The compiled code is static like in PeriodicTable, and using Mendeleev takes just 0.5 s on my modest i5 Notebook (0.13 s with PeriodicTable pre-loaded, thus further improvement possible), and takes 15 s for pre-compile during the installation.

I have started the package just for fun and as an excersise in Julia. Now - what can we do with it?

In the last case I may announce it, but I am not sure about registering the package.

Now I would humbly ask the PeriodicTable.jl author and contributors for their opinion. @rahulkp220, @carstenbauer, @Gregstrq, @stevengj - what do you think?

@Gregstrq - you data collection on isotopes could be put into a package in a similar way. And if somebody (@lmmentel ? :wink: ) imports your collection into a database, a corresponding Julia package can be created based on the code of this package at a minimal cost.

lmmentel commented 2 years ago

Hi @Eben60 cool initiative. I'm happy to look into adding isotope data into elements.db in mendeleev, any chance you could export it into csv, parquet or something like that?

Eben60 commented 2 years ago

@lmmentel thank you.

If your question about getting isotope data into elements.db, then better ask @Gregstrq.

If it is about getting them from elements.db into Mendeleev.jl: currently I produce the static Julia code from your database with the intermediate of DataFrames.jl. Concerning isotopes, I think however it is better to get them into a separate package (except maybe for some basic data on stable isotopes).

lmmentel commented 2 years ago

Thanks, I'll continue the discussion in the PR against PeriodicTable.jl

Gregstrq commented 2 years ago

I have started the package just for fun and as an excersise in Julia. Now - what can we do with it?

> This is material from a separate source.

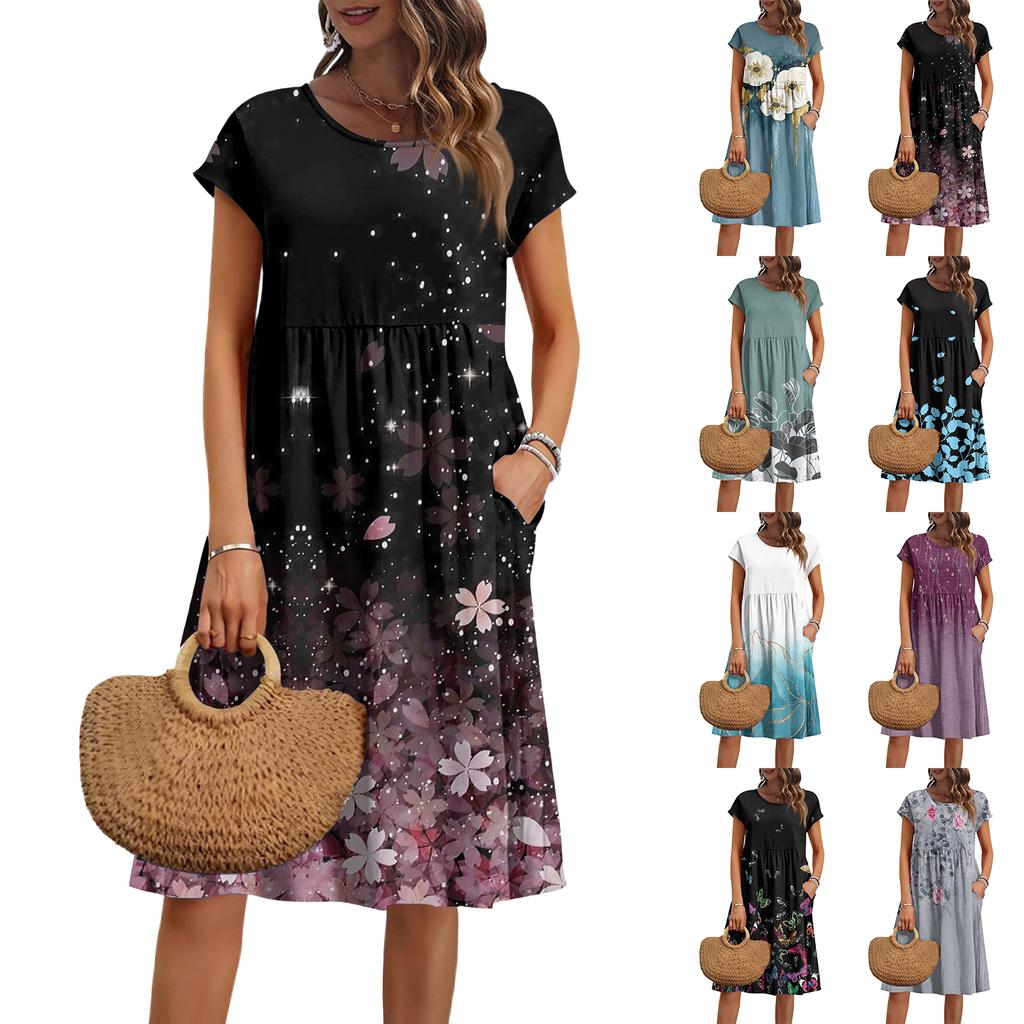 Damen Sommer Mode Lässig Rundhals Kurzarm Blumenmuster Kleid

  • It can be merged into PeriodicTable
  • Or it can be a separate package within JuliaPhysics
  • Or it can just stay with me as the author and maintainer.

There is also a question about data storage. It would be grate somehow to store the data together with units, but for that we need a Julia solution, which would support Unitful. For one, we can store the tables into separate DataFrames. I think, there are some routines in DataFramesMeta, which allow to emulate SQL. Interlinking between the tables via the primary key can also be facilitated with the tools of DataFrames and DataFramesMeta.

There also seems to be an all-Julia database, but I don't know, wether it supports Unitful.

lmmentel commented 2 years ago

It seems that a solution might be using an actual db. SQLite seems like a good solution here since it can store tables and is language agnostic. I haven't used it myself but I saw that thee is e.g. SQLite.jl which allows for talking to the db. If you want sth to test against I can recommend elements.db which is what I use to store data for mendelev.

Eben60 commented 2 years ago

It looks like there is no point in merging with PeriodicTable. The latter has a concretely defined scope, i.e., to be a lightweight package with static data.

@Gregstrq , Mendeleev.jl is already a usable package, containing almost all data from both PeriodicTable.jl and Mendeleev by @lmmentel (some minor changes deliberately done, i.e. due to revision), and still a lightweight package with static data. Here the package load timing for both:

julia> @time_imports using PeriodicTable
    1.3 ms  ConstructionBase
    495.1 ms  Unitful
    18.1 ms  PeriodicTable

julia> @time_imports using Mendeleev
    1.5 ms  ConstructionBase
    506.3 ms  Unitful
    55.2 ms  Mendeleev

I think some 50 ms extra load time should be acceptable. I still have to add electronegativities functions, but don't think that would add much load time.

Eben60 commented 2 years ago

If you want sth to test against I can recommend elements.db which is what I use to store data for mendelev.

Actually using SQLite.jl to extract data from your elements.db was exactly what I did. Afterwards the data are converted into the static source of Mendeleev.jl. Updating Mendeleev.jl if you update your elements.db can thus be done by just re-running the script.